PROBLEM TO SOLVE | Would you repeat each line below exactly, without the pictures?

STORED DATA |
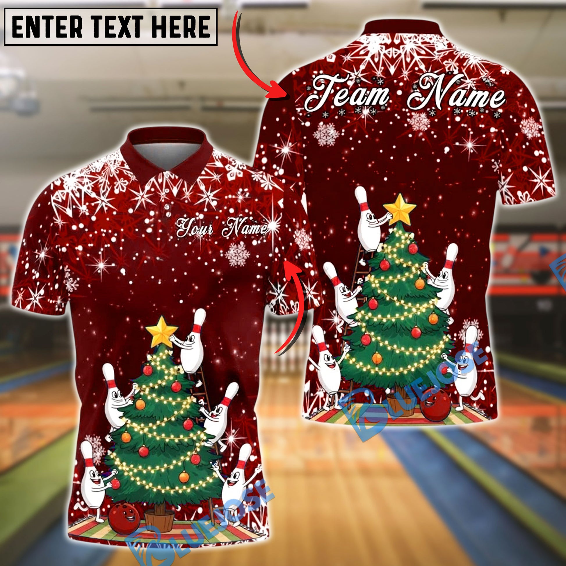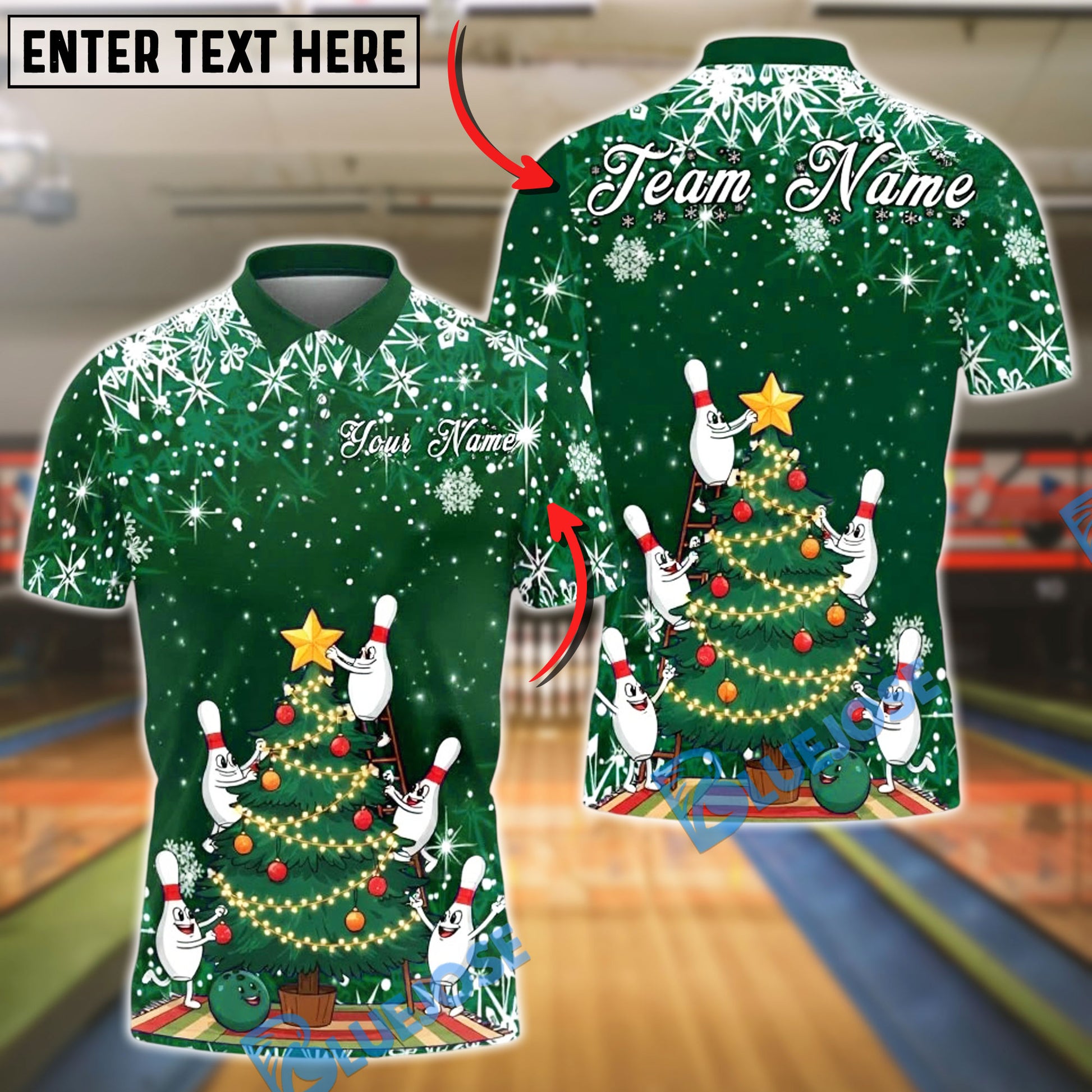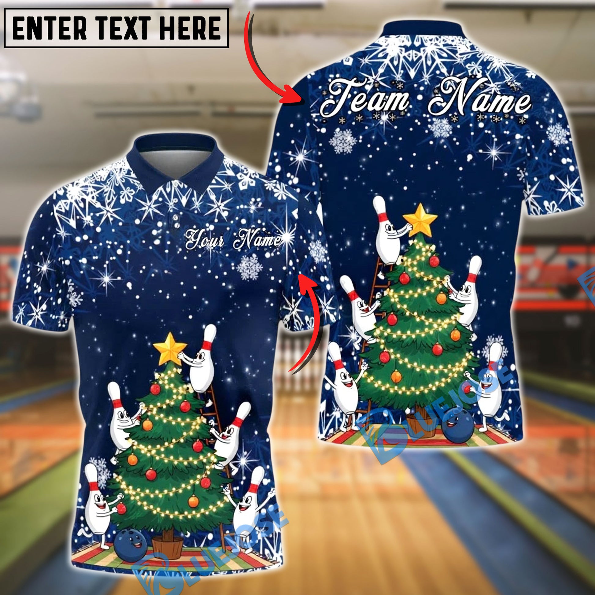 BlueJose Bowling And Pins Christmas Tree Holiday Snow Customized Name, Team Name 3D Shirt (4 Colors)
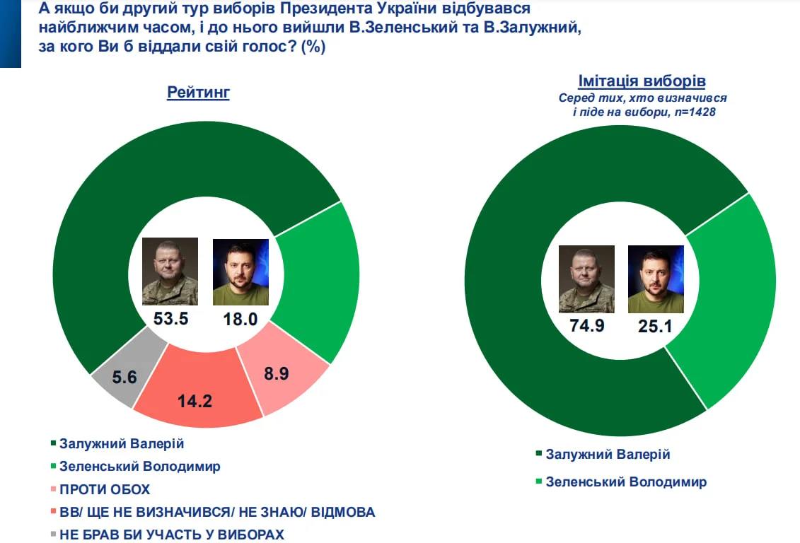 Во втором туре за Залужного проголосовали бы 74.9% опрошенных, а за Зеленского - 25.1%.
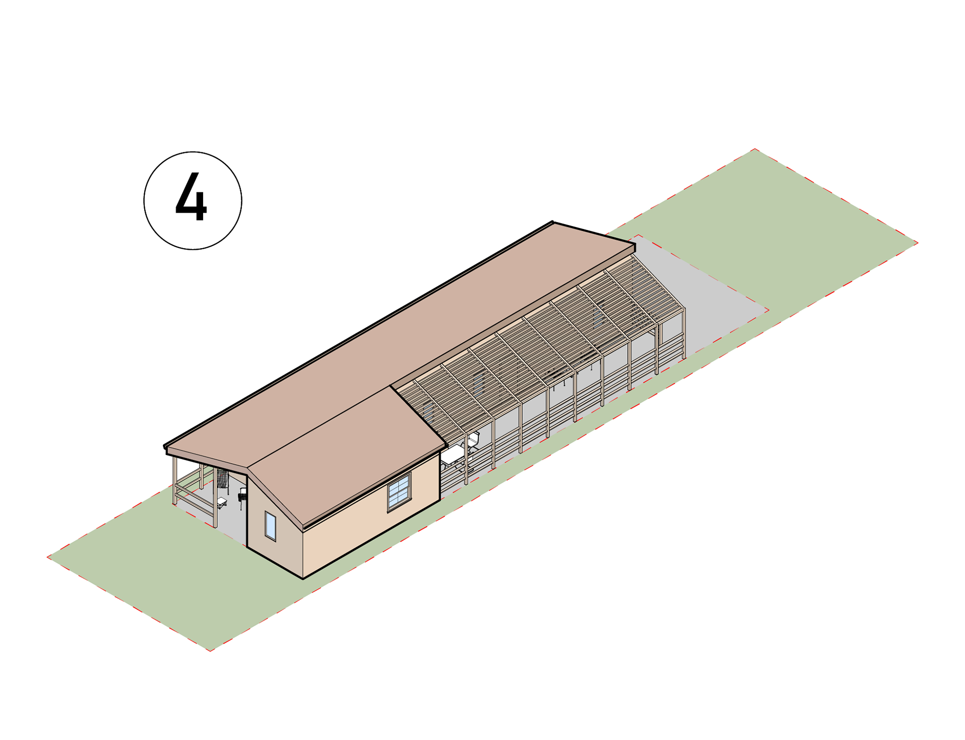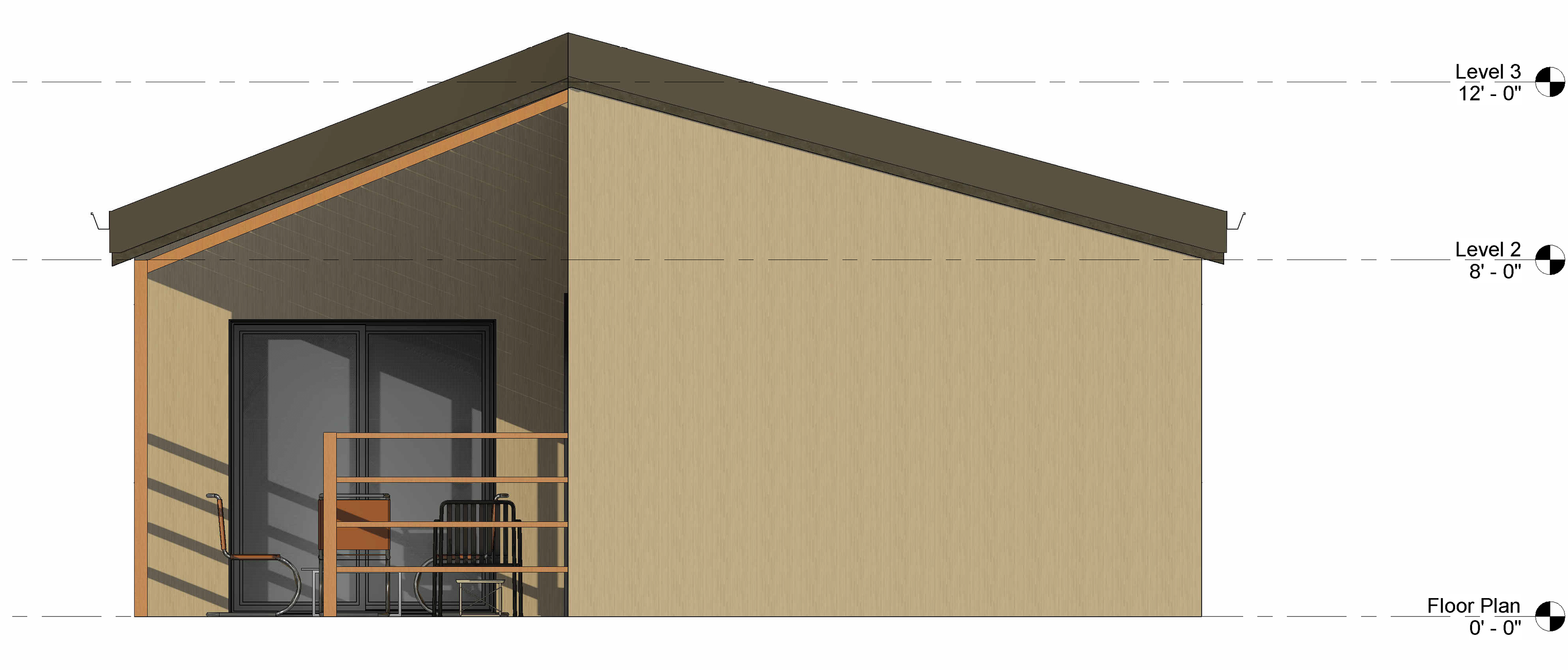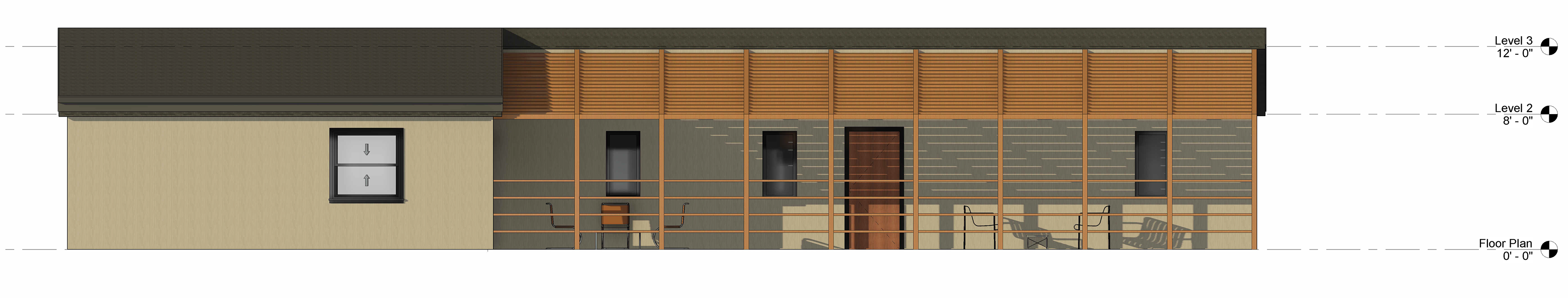 Introduction of Patio Spaces and Unifying Roof with Ridge Beam
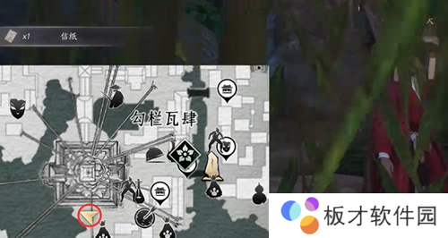 3、来到图中位置,在一棵树的旁边可以看到一封信纸。

WRITTEN RESPONSE |
 BlueJose Bowling And Pins Christmas Tree Holiday Snow Customized Name, Team Name 3D Shirt (4 Colors)
 Во втором туре за Залужного проголосовали бы 74.9% опрошенных, а за Зеленского - 25.1%.
 Introduction of Patio Spaces and Unifying Roof with Ridge Beam
 3、来到图中位置,在一棵树的旁边可以看到一封信纸。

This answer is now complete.